**WHAT YOU SHOULD DO**: Every line of the entries below from the one containing "- Zebra (jour-nuit)" to the one containing "台北市推行的「都市更新整建維", both ends included, must be written out exactly. No other line belongs in the answer.

**DATA SUPPLIED**:
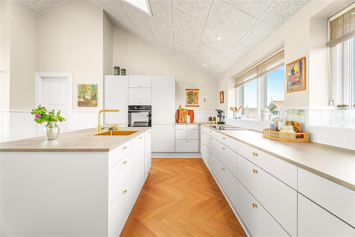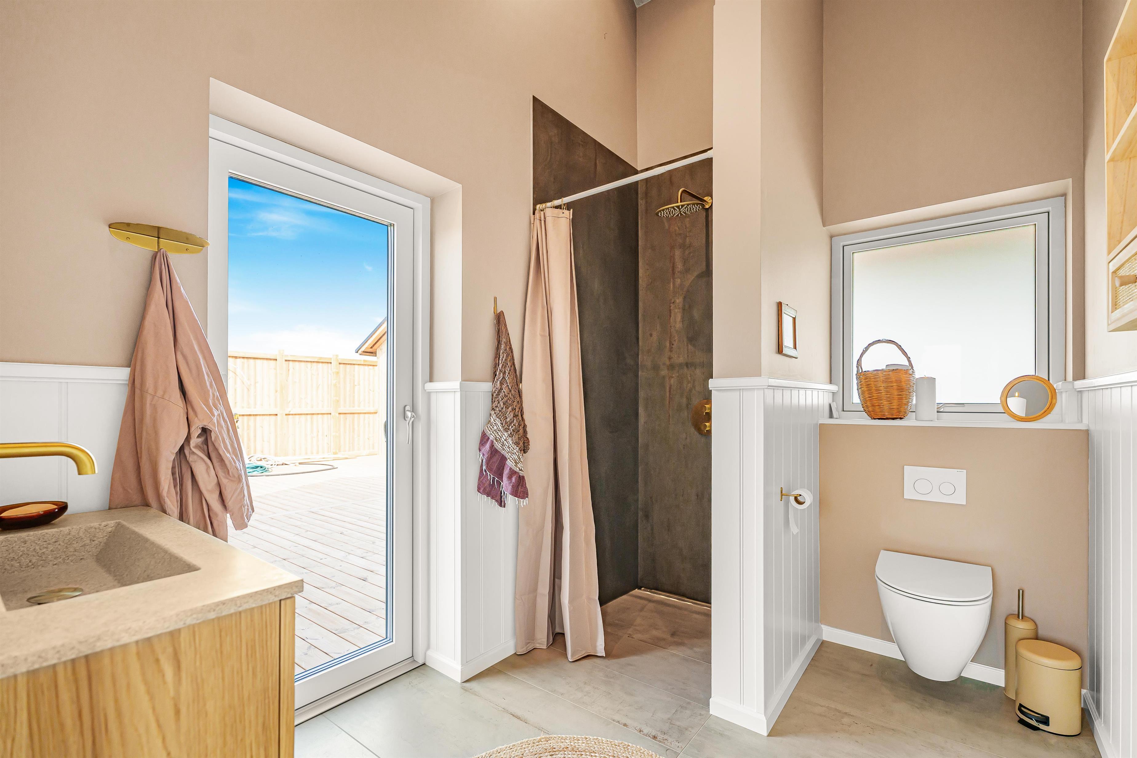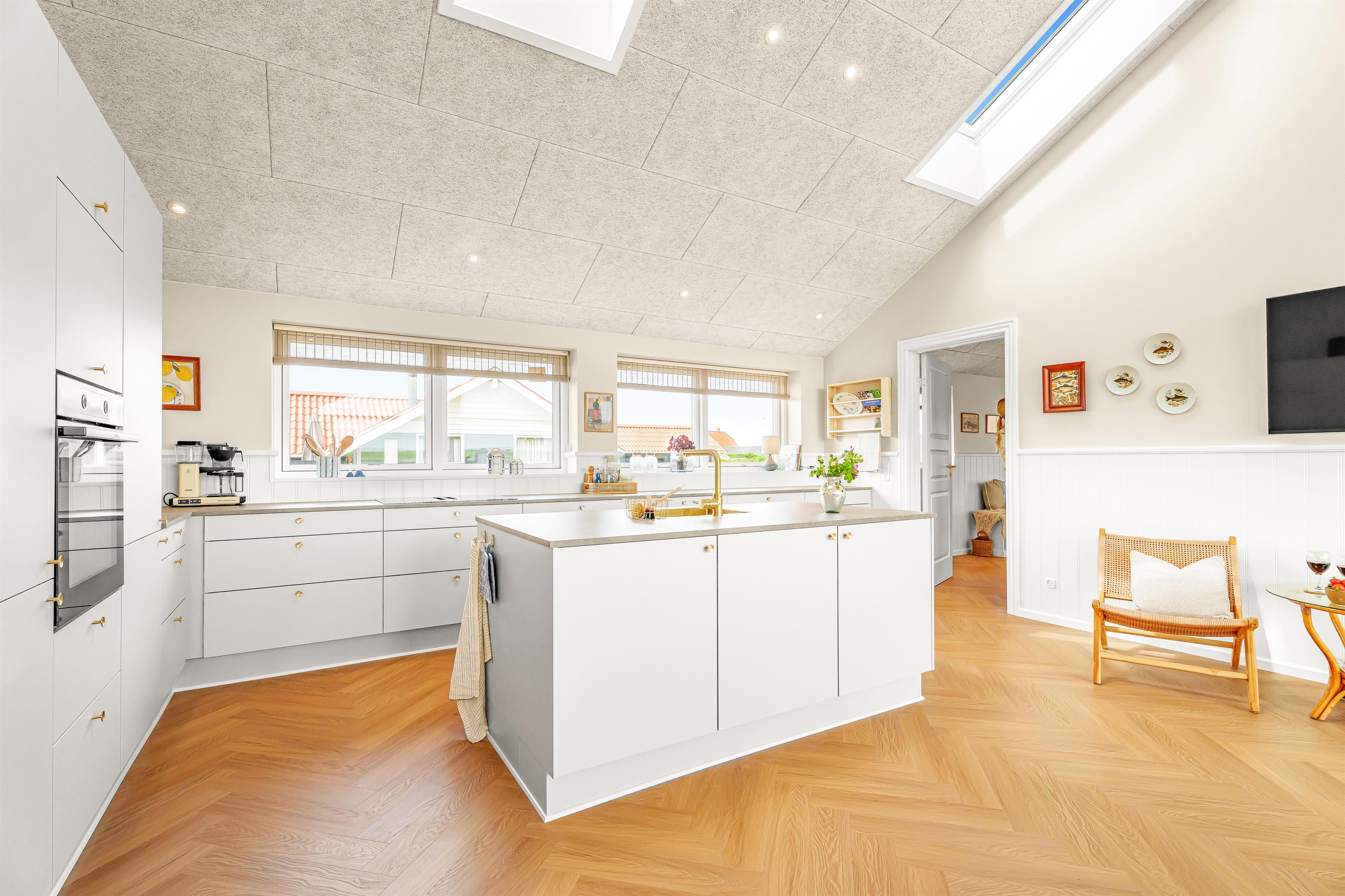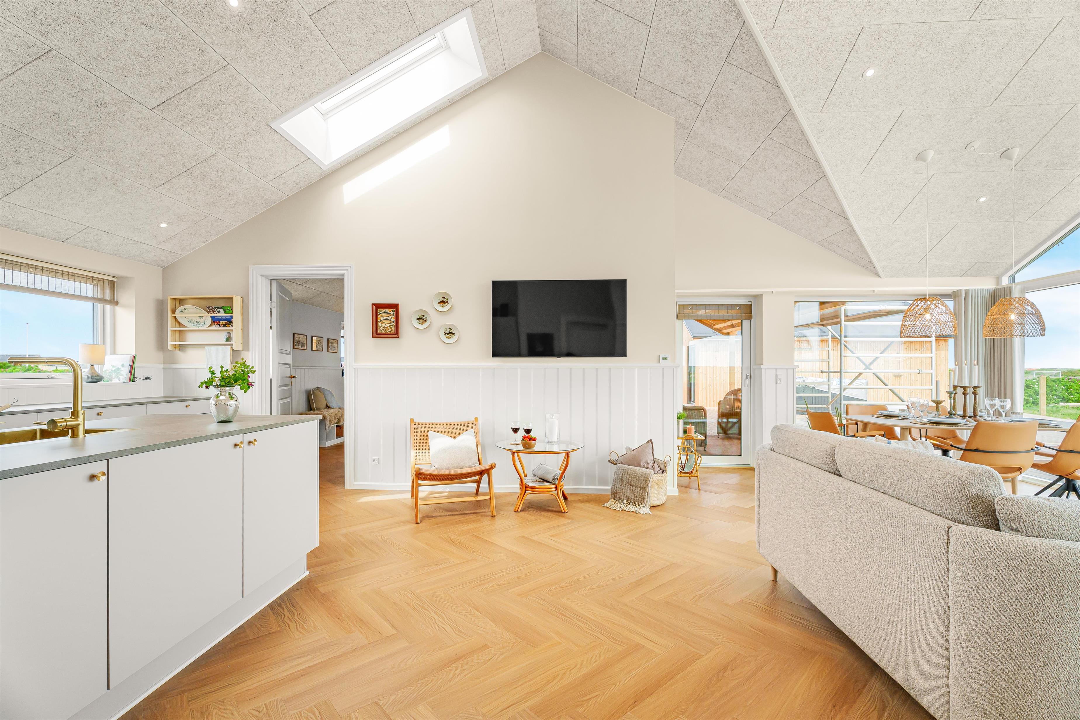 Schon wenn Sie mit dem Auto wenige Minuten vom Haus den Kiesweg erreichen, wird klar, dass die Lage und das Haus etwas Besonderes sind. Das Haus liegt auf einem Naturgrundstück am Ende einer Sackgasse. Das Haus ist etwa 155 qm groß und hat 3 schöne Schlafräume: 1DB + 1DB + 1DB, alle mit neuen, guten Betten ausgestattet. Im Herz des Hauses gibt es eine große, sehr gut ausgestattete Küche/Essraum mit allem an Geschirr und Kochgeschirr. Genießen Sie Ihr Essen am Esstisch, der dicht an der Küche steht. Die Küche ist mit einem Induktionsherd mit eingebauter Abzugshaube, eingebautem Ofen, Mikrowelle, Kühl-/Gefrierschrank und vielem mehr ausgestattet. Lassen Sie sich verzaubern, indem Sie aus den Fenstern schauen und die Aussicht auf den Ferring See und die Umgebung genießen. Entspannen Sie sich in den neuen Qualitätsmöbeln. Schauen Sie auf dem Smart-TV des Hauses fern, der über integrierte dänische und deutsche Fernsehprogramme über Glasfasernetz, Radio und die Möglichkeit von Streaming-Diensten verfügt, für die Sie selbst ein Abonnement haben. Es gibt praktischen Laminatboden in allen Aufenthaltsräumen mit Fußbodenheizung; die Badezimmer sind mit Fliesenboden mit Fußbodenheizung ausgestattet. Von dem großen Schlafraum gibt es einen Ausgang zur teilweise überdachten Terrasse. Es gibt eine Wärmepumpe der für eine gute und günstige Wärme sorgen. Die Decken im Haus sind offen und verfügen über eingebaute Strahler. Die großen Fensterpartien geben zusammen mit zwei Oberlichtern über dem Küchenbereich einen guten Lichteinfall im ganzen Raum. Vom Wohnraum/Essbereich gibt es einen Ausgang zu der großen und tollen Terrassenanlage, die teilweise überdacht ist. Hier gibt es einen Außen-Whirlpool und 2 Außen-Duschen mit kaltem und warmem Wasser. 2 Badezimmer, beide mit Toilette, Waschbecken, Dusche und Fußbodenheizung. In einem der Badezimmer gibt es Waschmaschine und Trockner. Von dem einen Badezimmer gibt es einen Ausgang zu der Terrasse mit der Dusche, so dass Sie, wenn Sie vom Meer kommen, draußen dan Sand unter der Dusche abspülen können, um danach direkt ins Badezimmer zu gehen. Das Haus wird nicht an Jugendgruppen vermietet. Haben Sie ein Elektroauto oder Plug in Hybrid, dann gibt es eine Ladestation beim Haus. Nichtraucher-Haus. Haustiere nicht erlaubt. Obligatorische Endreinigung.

...

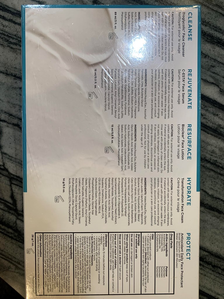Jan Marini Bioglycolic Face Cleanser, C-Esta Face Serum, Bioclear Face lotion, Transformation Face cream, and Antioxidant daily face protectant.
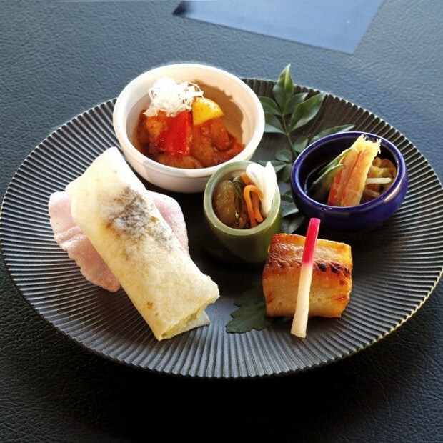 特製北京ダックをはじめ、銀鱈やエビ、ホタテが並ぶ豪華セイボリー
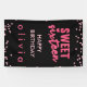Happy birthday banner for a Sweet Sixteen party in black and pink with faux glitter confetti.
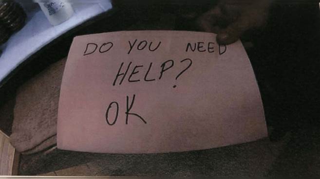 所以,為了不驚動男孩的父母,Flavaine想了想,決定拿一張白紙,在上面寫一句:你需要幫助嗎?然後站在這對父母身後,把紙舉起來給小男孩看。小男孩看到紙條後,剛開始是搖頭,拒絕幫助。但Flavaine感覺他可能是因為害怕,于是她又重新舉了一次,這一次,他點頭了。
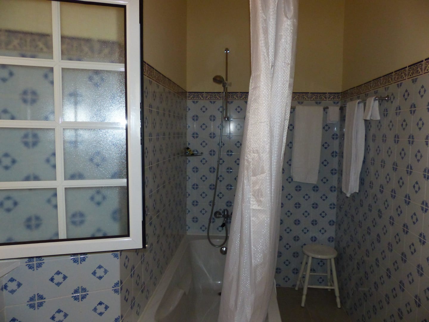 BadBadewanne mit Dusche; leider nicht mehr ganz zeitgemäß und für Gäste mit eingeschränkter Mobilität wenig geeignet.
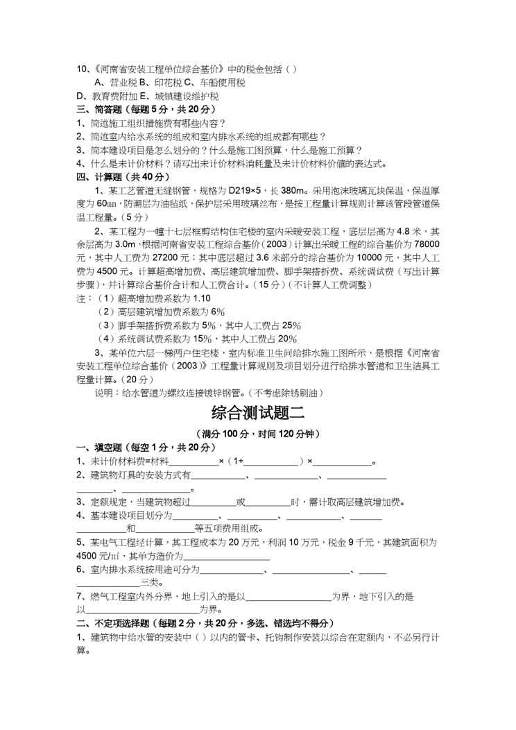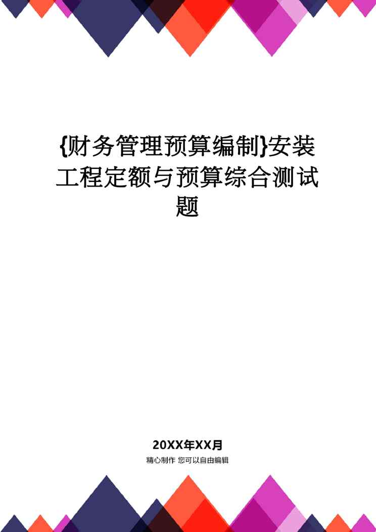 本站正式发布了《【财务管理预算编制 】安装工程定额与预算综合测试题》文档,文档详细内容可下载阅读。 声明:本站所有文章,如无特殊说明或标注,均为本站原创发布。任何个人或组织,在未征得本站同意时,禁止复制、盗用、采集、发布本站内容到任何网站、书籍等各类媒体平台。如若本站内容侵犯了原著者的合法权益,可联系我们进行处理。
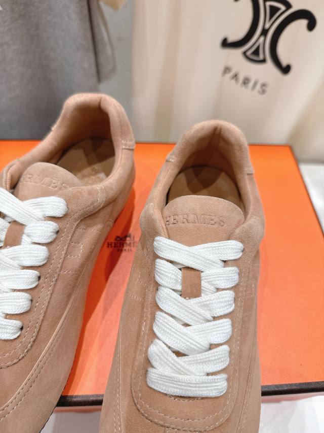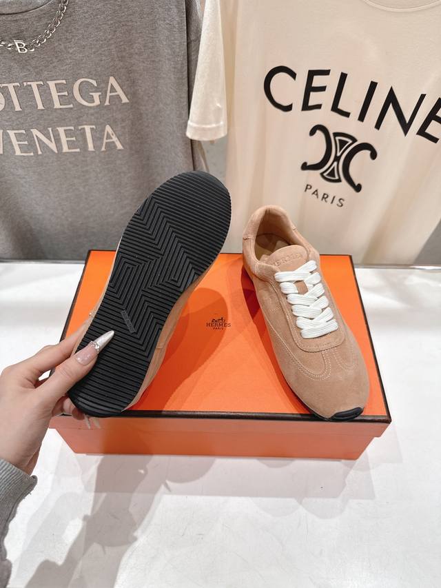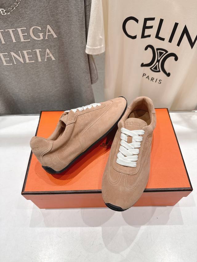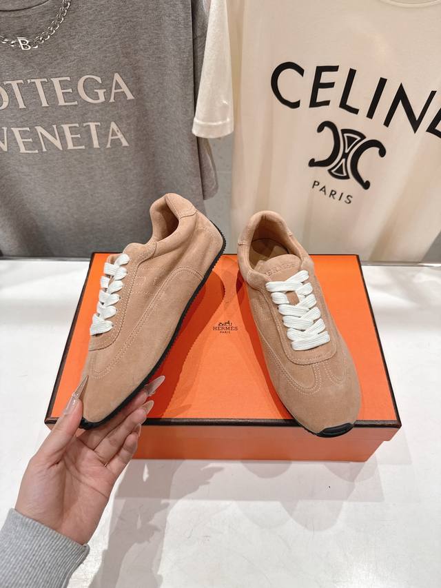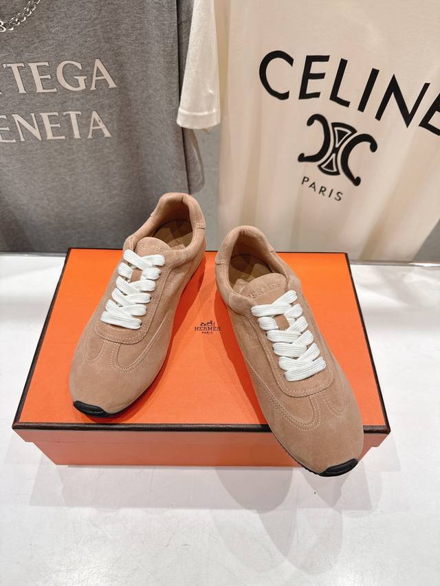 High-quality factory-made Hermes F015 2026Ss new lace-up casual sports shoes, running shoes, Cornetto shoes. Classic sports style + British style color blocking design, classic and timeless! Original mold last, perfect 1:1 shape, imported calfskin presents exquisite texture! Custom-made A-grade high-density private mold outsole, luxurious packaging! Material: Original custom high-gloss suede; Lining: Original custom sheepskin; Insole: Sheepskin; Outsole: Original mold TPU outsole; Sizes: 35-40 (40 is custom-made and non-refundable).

---

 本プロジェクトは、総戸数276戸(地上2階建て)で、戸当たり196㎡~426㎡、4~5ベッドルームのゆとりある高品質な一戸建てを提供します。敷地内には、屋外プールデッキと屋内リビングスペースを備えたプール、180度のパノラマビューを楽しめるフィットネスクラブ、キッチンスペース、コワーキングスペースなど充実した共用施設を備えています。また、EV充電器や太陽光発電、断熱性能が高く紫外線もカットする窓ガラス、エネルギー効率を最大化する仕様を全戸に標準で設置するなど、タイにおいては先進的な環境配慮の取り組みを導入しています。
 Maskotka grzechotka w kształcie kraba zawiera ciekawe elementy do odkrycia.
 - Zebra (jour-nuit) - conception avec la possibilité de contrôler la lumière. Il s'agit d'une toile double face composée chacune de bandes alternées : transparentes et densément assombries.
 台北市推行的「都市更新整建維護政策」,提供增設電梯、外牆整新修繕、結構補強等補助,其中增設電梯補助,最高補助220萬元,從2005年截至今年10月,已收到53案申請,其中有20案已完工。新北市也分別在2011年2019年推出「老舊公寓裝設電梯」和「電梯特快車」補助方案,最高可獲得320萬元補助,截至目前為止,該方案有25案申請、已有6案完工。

**SOLUTION TO THIS EXERCISE**:
 - Zebra (jour-nuit) - conception avec la possibilité de contrôler la lumière. Il s'agit d'une toile double face composée chacune de bandes alternées : transparentes et densément assombries.
 台北市推行的「都市更新整建維護政策」,提供增設電梯、外牆整新修繕、結構補強等補助,其中增設電梯補助,最高補助220萬元,從2005年截至今年10月,已收到53案申請,其中有20案已完工。新北市也分別在2011年2019年推出「老舊公寓裝設電梯」和「電梯特快車」補助方案,最高可獲得320萬元補助,截至目前為止,該方案有25案申請、已有6案完工。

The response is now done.